56 Views Asked by At

Let $x_1,\ldots,x_n$ be iid uniformly distributed on the unit-sphere in $\mathbb R^d$ and let $y_1,\ldots,y_n$ be iid uniformly distributed on $\{\pm 1\}$, and independent of the $x_i$'s. Define $Z_n:=\sup_{u \in \mathbb R^d}\sum_{i=1}^n f_u(x_i,y_i)$, where the functions $f_u: \mathbb S_{d-1}\times \{\pm 1\} \to \mathbb R$ are defined by $f_u(x,y) := \dfrac{yx^\top u}{\|u\|}$.

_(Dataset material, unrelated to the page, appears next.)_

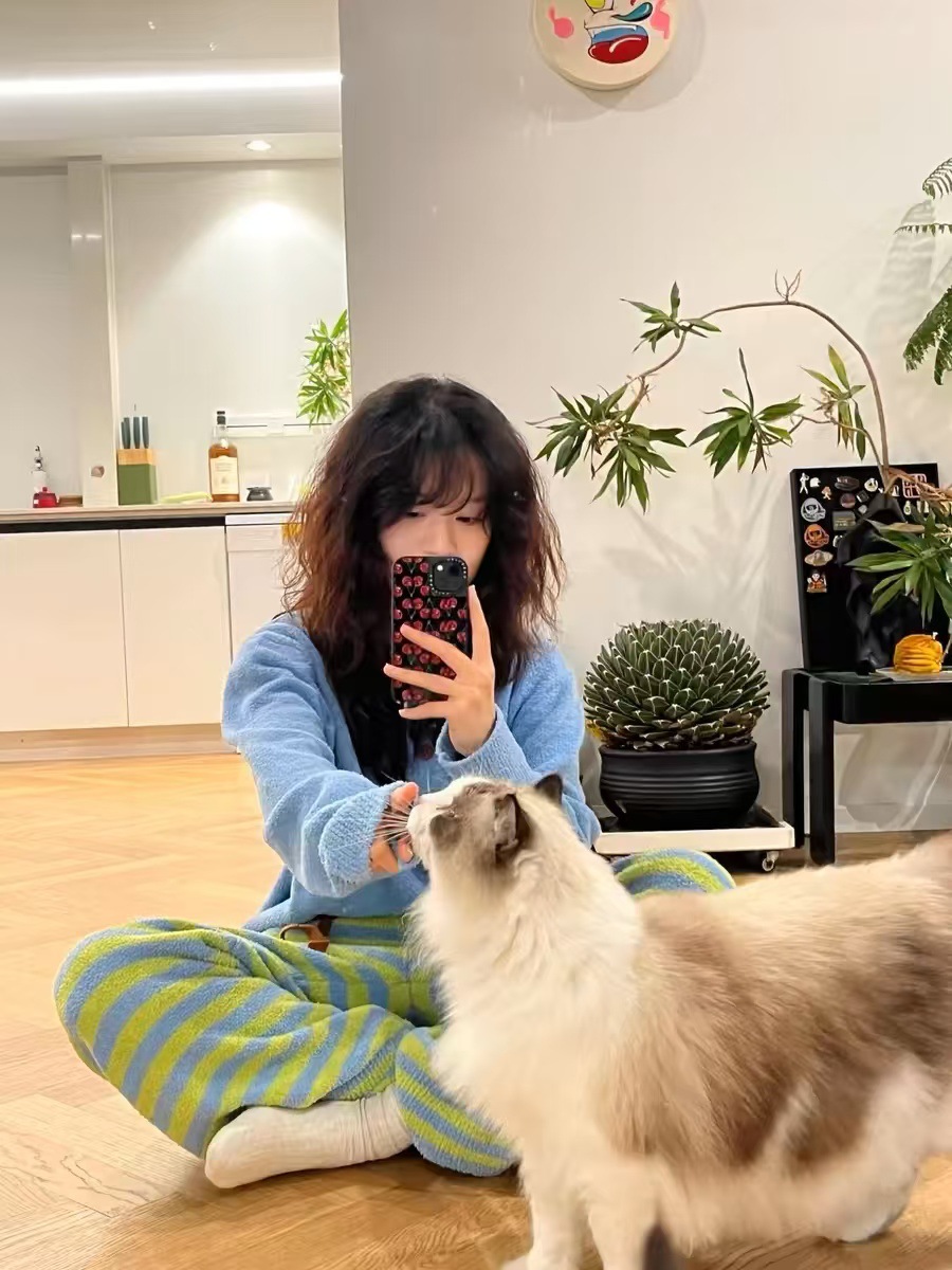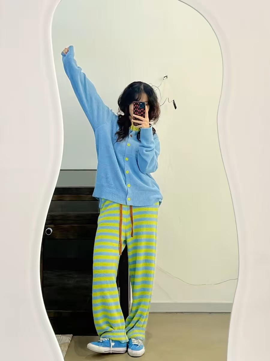 • 8844-Zhenbei 벨벳 라운드 넥 컬러 블록 스트라이프 슈트

Goals. I'm interested in tail-bounds for the $Z_n$. Ideally, I'd like to get high-probability upper-bound for $Z_n$, valid for at least large $n$ and $d$.

Note that for all $i \in [n]$ and $u \in \mathbb R^d$, we have following:

  • $\mathbb E[f_u(x_i,y_i)] = 0$
  • $\|f_u\|_\infty := \sup_{x \in \mathbb S_{d-1},\;y \in \{\pm 1\}} \dfrac{|yx^\top u|}{\|u\|} \le 1$
  • $\mbox{var}(f_u(x_i,y_i)) = \mathbb E_{y_i,x_i}\left[\dfrac{(x_i^\top u)^2}{\|u\|^2}\right] = 1/d=:\sigma^2$.
  • $\mathbb E[Z_n] = \mathbb E[\sup_{u \in \mathbb R^d} \sum_{i=1}^n y_i(x_i^\top u)/\|u\|] = \mathbb E[\sup_{u \in \mathbb S_{d-1}} \sum_{i=1}^n y_i x_i^\top u] = n\mathcal R_n(\mathcal H)$, i.e $n$ times the Rademarcher complexity of the class of linear $L_2$-bounded functions $\{\langle u,\cdot\rangle \mid u \in \mathbb S_{d-1}\}$ evalauted on the dataset $\{x_1,\ldots,x_n\}$. But it is a standard result that $\mathcal R_n(\mathcal H) \le (1/n)\sqrt{\sum_{i=1}^n \|x_i\|^2} = 1/\sqrt{n}$, and so $\mathbb E[Z_n] \le n/\sqrt{n}=\sqrt{n}$.

Define $\nu := 2\mathbb E[Z_n] + n\sigma^2 = 2\mathbb E[Z_n] + n/d$. Then, by Bousquet's inequality (see Theorem 2.1, for example), we have $$ \mathbb P(Z_n \le \mathbb E[Z_n] + \sqrt{2\nu t} + t/3) \ge 1 - e^{-t}, $$

and so, invoking $\mathbb E[Z_n] \le \sqrt{n}$ and taking $t = \Omega(\sqrt{n} \land d)$, we get

$$ \mathbb P(Z_n = \mathcal O(\sqrt{n})) \ge 1-e^{-\Omega(\sqrt{n} \land d)}. $$

Question. Is my reasoning correct, or else where have I made an error ?

Thanks in advance.